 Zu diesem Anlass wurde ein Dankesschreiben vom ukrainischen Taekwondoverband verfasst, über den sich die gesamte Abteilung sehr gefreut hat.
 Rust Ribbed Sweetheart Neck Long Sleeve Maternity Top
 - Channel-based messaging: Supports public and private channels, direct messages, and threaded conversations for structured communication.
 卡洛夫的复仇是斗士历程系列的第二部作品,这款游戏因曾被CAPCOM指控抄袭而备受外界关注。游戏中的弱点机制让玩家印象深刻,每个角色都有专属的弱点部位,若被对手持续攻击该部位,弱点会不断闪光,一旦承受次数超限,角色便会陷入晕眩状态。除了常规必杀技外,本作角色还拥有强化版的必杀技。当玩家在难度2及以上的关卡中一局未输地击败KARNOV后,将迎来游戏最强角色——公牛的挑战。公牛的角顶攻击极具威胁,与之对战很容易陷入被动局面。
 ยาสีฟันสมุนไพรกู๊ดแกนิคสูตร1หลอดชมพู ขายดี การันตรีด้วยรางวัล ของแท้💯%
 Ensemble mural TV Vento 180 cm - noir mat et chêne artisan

+ + +

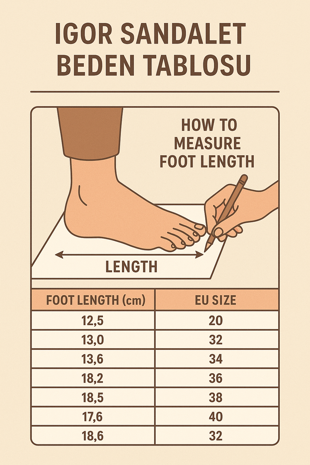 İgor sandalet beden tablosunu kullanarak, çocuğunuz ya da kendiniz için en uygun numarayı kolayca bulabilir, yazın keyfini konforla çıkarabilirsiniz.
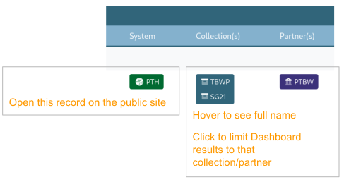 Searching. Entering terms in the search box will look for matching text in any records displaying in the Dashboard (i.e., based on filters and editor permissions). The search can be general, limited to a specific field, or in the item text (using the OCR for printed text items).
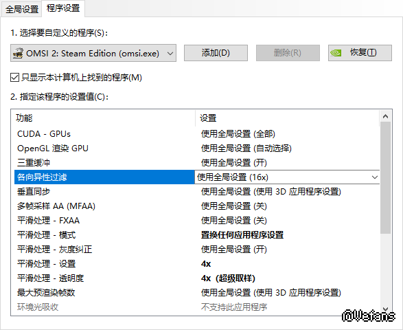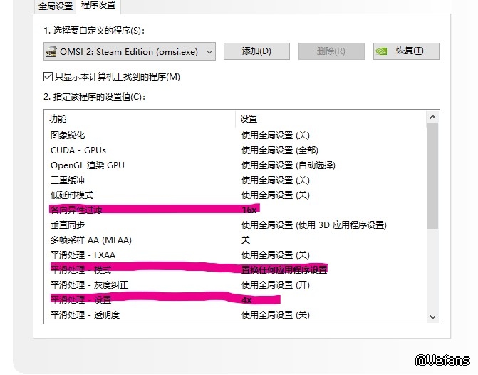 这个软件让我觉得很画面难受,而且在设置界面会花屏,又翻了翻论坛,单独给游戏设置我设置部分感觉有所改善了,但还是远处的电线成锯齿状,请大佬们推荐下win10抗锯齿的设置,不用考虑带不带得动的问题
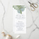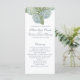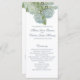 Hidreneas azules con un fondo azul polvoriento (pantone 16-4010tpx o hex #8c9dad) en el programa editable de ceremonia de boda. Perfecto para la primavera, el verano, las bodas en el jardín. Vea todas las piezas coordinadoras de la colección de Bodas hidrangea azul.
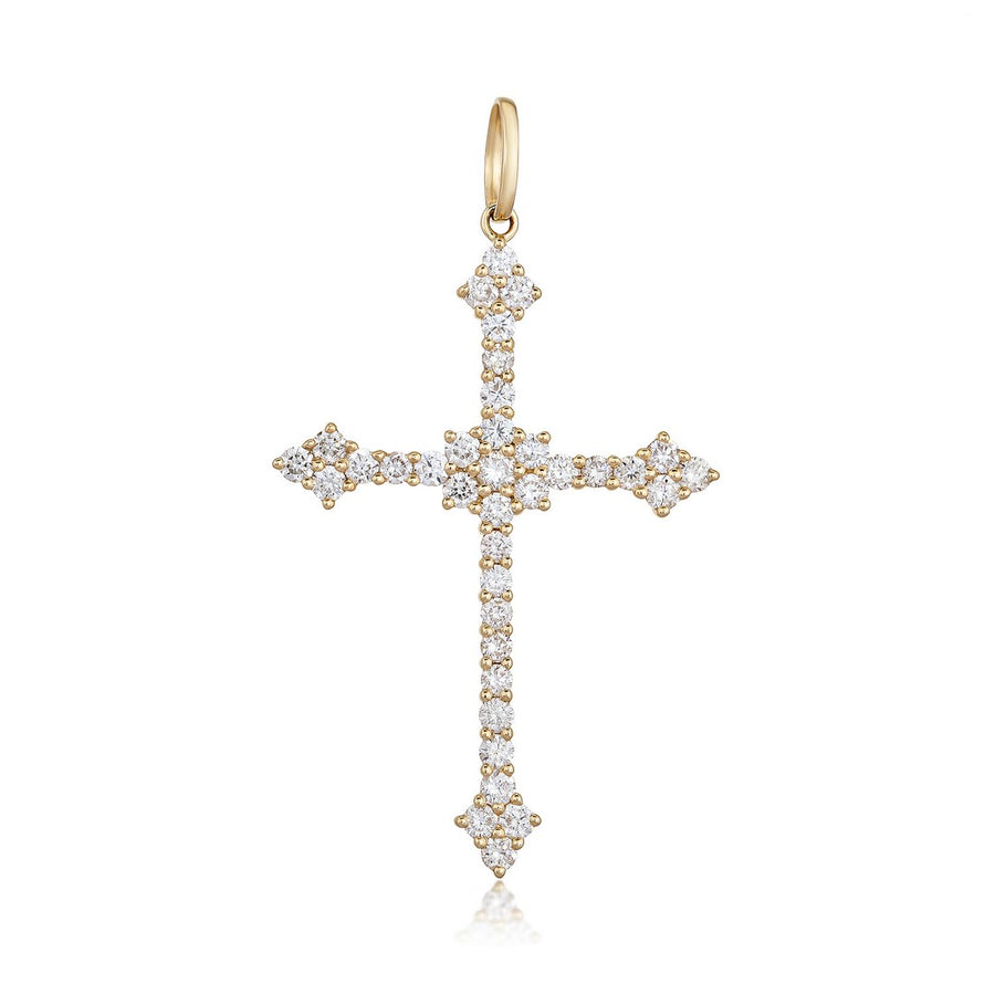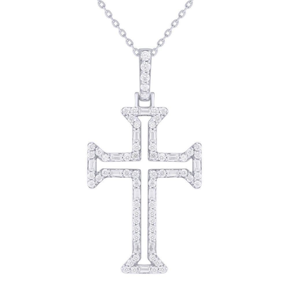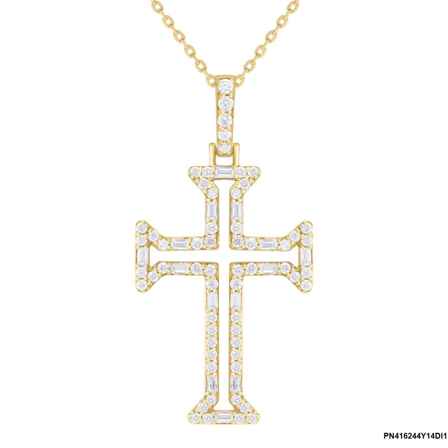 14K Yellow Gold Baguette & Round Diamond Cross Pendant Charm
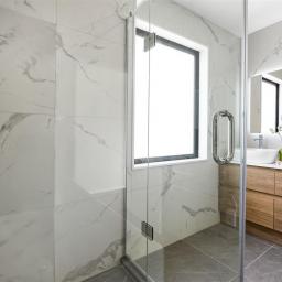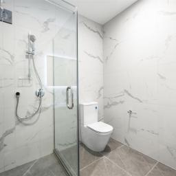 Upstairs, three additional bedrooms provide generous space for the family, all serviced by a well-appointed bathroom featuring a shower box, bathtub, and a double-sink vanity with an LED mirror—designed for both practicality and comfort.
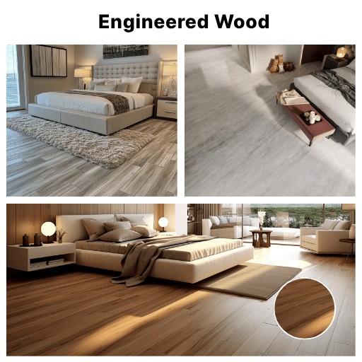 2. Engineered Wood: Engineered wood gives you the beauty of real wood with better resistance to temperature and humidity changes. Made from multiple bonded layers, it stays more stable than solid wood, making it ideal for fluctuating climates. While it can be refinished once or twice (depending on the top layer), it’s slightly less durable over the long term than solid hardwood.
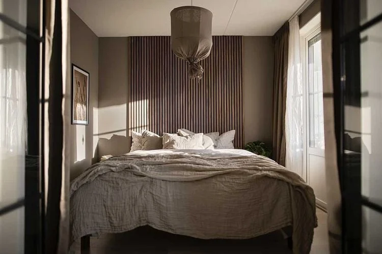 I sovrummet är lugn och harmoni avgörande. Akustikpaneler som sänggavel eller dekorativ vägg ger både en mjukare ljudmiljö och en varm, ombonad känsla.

+ + +

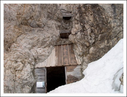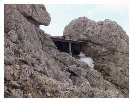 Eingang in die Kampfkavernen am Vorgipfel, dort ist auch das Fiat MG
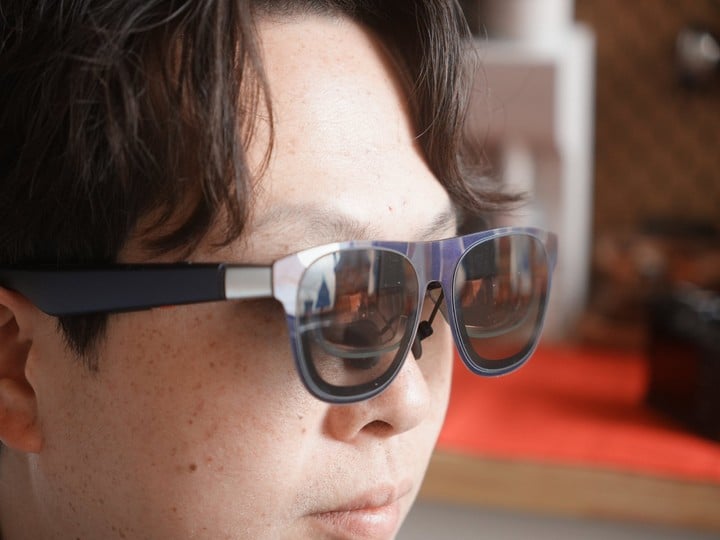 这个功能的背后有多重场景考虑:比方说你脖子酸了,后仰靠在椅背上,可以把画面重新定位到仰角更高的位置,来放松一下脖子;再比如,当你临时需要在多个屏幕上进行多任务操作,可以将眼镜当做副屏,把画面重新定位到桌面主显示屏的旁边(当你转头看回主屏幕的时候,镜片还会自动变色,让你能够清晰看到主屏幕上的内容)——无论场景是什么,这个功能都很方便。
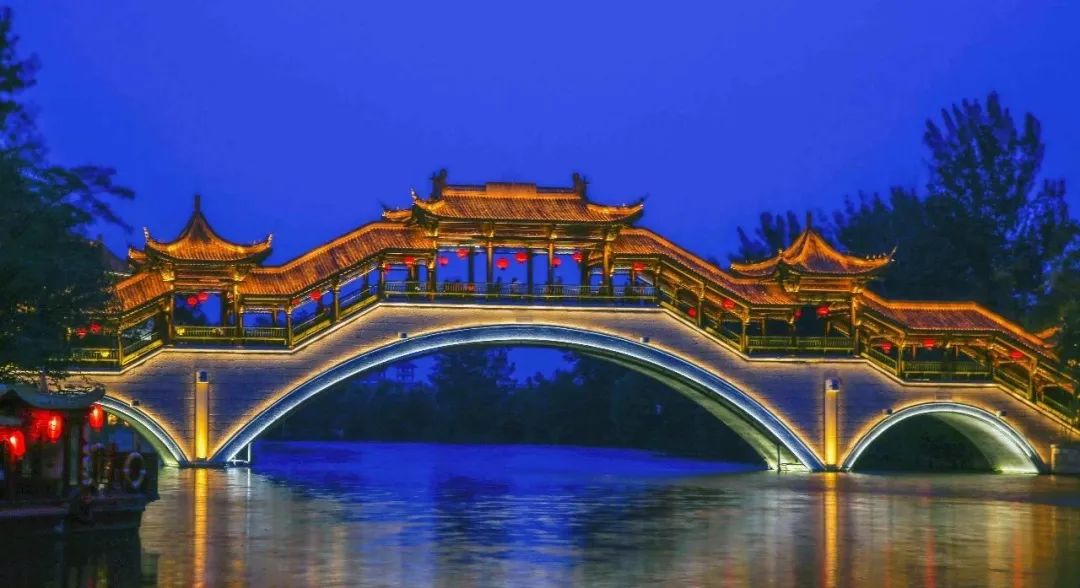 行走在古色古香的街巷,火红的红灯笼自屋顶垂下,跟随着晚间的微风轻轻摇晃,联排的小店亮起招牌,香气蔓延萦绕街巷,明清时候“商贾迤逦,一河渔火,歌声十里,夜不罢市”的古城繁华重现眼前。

+ + +

» What this task involves
Above are the records; repeat exactly the lines from the one holding "ยาสีฟันสมุนไพรกู๊ดแกนิคสูตร1หลอดชมพู ขายดี การันตรีด้วยรางวัล" down to the one holding "Ensemble mural TV", end lines included.

» Problem solution
 ยาสีฟันสมุนไพรกู๊ดแกนิคสูตร1หลอดชมพู ขายดี การันตรีด้วยรางวัล ของแท้💯%
 Ensemble mural TV Vento 180 cm - noir mat et chêne artisan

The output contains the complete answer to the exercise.